In terms of data retention, the GDPR requires that organisations must not retain personal data for longer than necessary. As a guide, organisations should limit personal data retention to a maximum of 6 years (except of course where data must be retained in order to comply with the law). This may also help reduce the burden of responding to a DSAR.
So why do organisations struggle with DSARs?
It is possible that some organisations may be collating more information than necessary. For example, personal data such as email addresses mean that the organisation need only list emails sent to/from the data subject and not necessarily the email content. For example, a company holiday policy sent to employees via email would not typically contain personal data specific to any employee so there is no need to include the email content. The DSAR results can be sent electronically so there is no need to print all the relevant documents and post them – they can be scanned and emailed.
An interesting point with regards to ‘personal data’ is how new technologies/ analytics will continue to push the boundaries of what ‘personal data’ actually means, particularly when it comes to complying with a DSAR. For example, will voice recordings as a means of identifying/authenticating individuals be included?

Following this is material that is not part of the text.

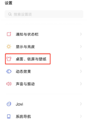 2.这个时候用户可以点击手机上的设置选项,在设置中找到【桌面、锁屏与壁纸】选项;

Organisations may need advice on digitising paper documents and using effective technology for speeding up data searches in response to a DSAR. The ICO has published its Technology Strategy for 2018 to 2021 which sets out eight “technology goals” and how the ICO intends to achieve them.
The strategy highlights three priority areas on which it has focused in 2018 and will continue to do so in 2019. There will be an action plan for each priority area which will be reviewed and updated annually. The three areas are:
- Artificial Intelligence, big data and machine learning; and
- Web and cross device tracking
The intention is to increase public awareness and guidance to organisations, recruit and train specialists and staff, facilitate research and establish networks (both in the UK and internationally) to share knowledge and to explore new and innovative technologies as they develop.
This and also the fundamental definition of personal data is something on which further continuing guidance will be needed as new technologies for recording different types of personal data develop.